DIRECTIONS | What is needed is an exact reproduction of the lines in the records below, starting at the line with "Ben Stiller viettää" and ending at the line with "elétrica, destelhamentos de", both included, and nothing else; pictures stay out.

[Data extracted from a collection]
====

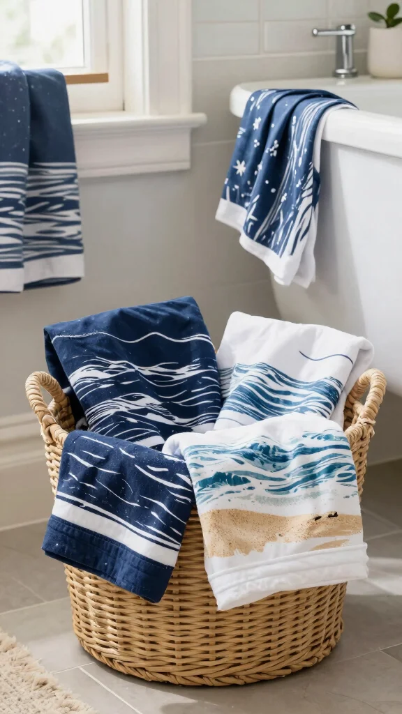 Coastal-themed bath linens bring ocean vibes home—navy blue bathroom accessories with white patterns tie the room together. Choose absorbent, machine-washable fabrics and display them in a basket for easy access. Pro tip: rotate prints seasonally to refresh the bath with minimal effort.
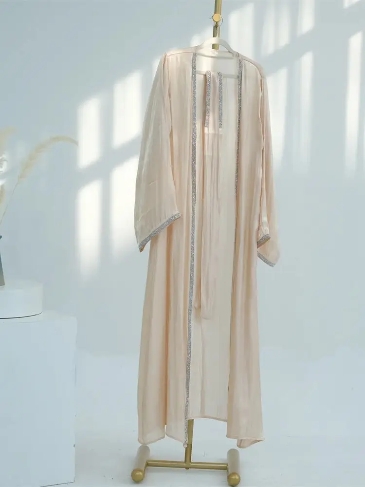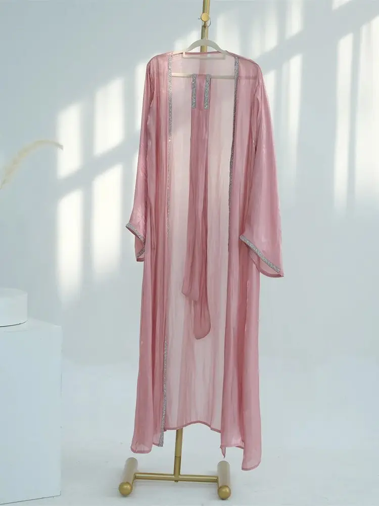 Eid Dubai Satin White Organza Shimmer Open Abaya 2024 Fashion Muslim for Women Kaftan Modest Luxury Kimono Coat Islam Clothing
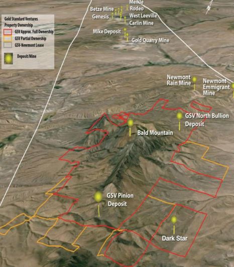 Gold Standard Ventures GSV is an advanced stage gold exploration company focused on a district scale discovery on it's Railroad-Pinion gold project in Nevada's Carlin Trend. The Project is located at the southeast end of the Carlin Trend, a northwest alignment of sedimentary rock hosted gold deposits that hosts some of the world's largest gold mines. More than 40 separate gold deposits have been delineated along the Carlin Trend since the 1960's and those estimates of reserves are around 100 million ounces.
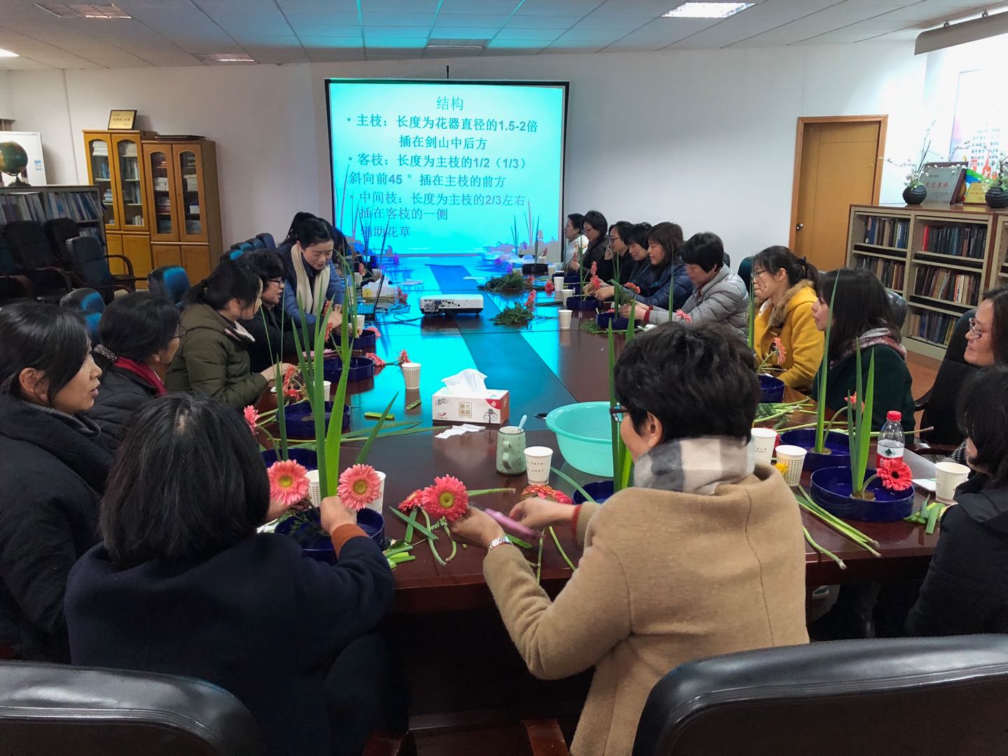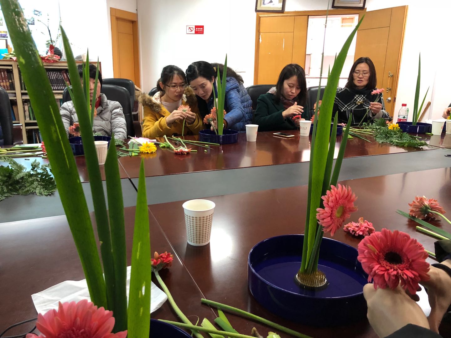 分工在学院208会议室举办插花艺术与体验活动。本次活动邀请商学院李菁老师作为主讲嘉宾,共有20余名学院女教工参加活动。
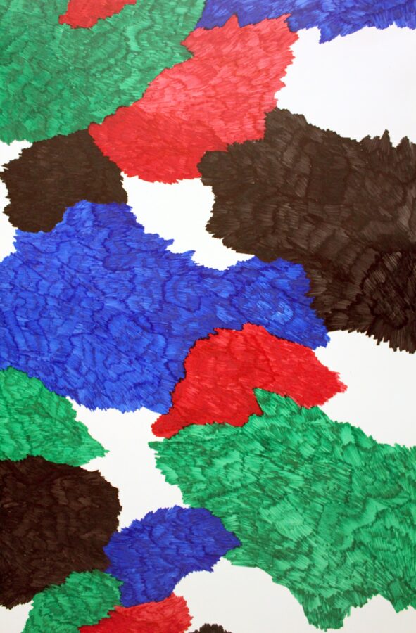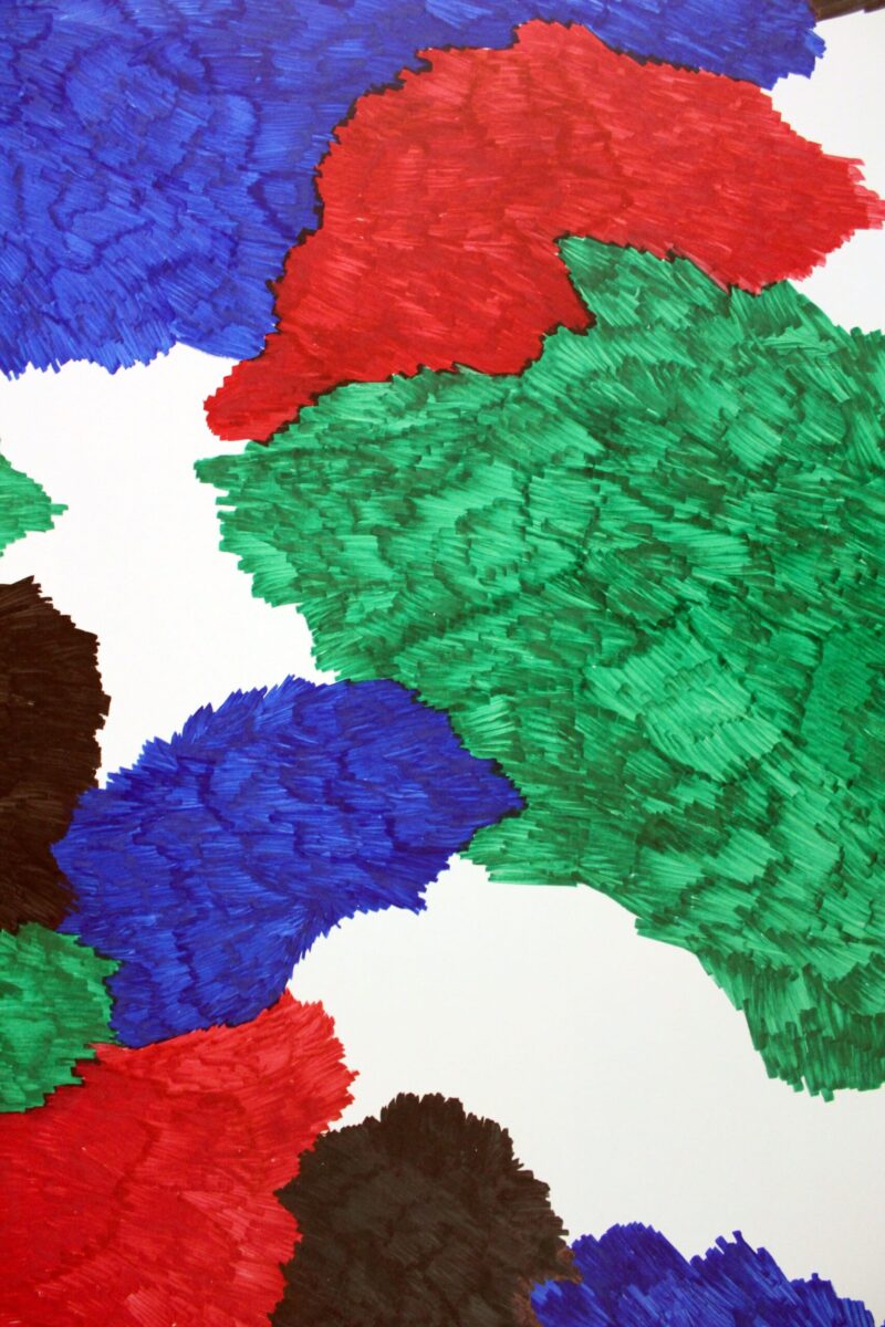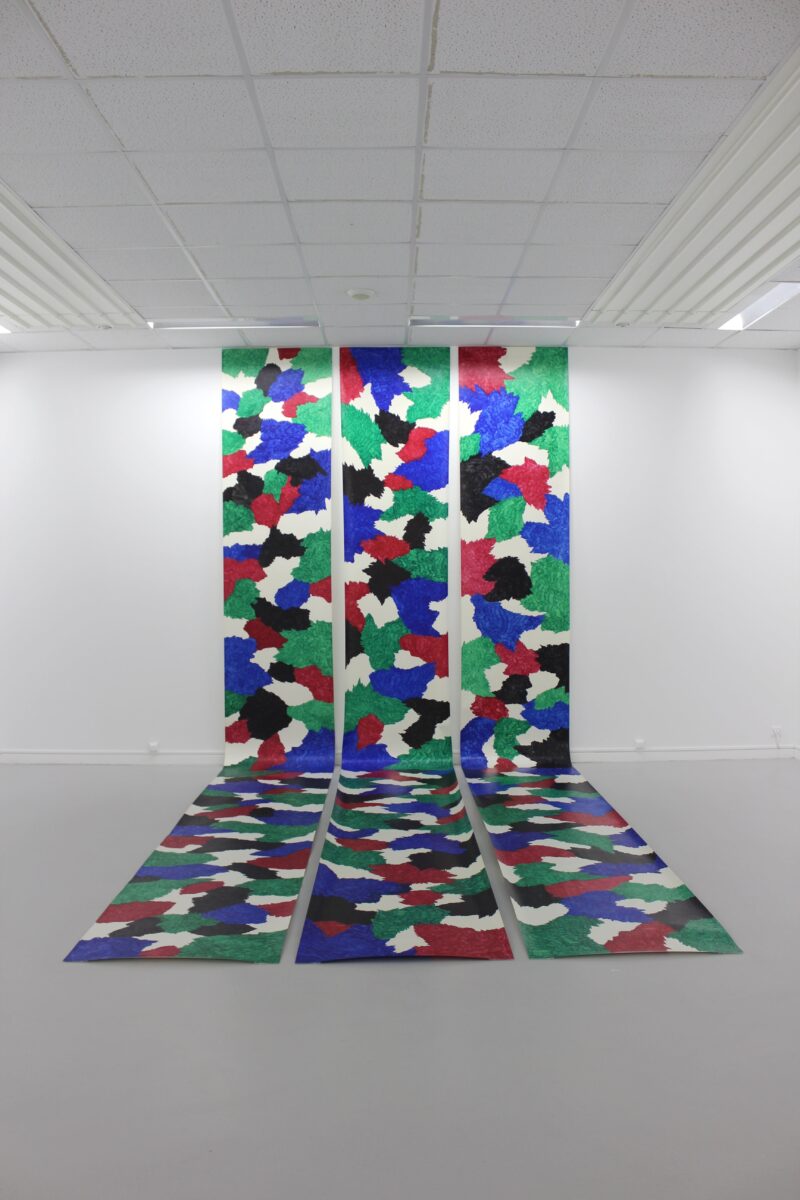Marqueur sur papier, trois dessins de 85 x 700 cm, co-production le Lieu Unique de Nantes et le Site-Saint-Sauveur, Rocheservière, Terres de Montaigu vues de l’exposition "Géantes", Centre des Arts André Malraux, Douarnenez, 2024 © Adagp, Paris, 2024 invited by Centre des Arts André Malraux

====

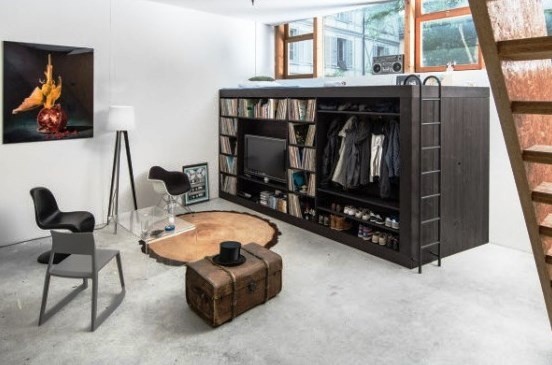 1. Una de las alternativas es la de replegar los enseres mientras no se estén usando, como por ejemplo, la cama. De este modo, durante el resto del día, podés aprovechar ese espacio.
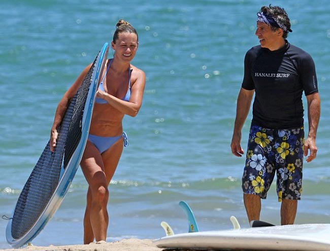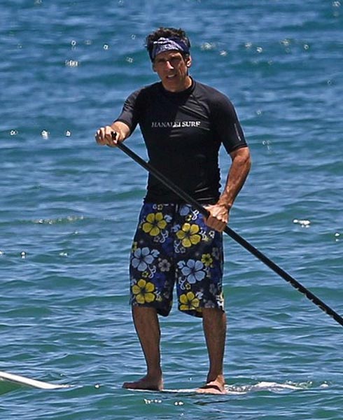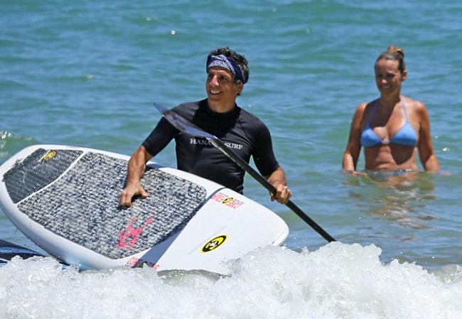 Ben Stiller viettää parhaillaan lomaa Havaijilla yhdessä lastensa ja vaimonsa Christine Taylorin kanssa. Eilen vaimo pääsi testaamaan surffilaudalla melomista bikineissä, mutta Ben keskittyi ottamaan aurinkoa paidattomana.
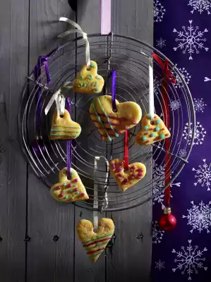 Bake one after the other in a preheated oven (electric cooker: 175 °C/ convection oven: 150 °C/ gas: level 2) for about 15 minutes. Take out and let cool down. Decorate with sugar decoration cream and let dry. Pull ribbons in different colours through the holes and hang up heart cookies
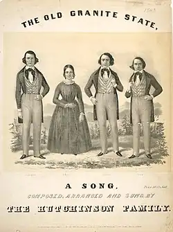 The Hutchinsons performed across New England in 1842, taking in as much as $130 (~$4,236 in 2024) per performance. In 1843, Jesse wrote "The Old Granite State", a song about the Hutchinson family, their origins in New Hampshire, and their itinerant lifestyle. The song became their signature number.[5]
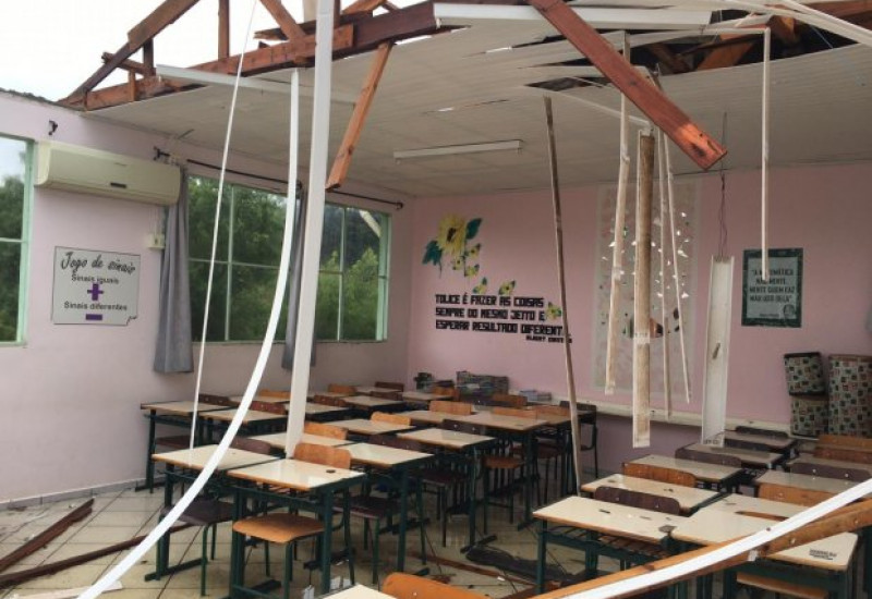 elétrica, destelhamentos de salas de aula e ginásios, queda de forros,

====

TASK RESULT |
 Ben Stiller viettää parhaillaan lomaa Havaijilla yhdessä lastensa ja vaimonsa Christine Taylorin kanssa. Eilen vaimo pääsi testaamaan surffilaudalla melomista bikineissä, mutta Ben keskittyi ottamaan aurinkoa paidattomana.
 Bake one after the other in a preheated oven (electric cooker: 175 °C/ convection oven: 150 °C/ gas: level 2) for about 15 minutes. Take out and let cool down. Decorate with sugar decoration cream and let dry. Pull ribbons in different colours through the holes and hang up heart cookies
 The Hutchinsons performed across New England in 1842, taking in as much as $130 (~$4,236 in 2024) per performance. In 1843, Jesse wrote "The Old Granite State", a song about the Hutchinson family, their origins in New Hampshire, and their itinerant lifestyle. The song became their signature number.[5]
 elétrica, destelhamentos de salas de aula e ginásios, queda de forros,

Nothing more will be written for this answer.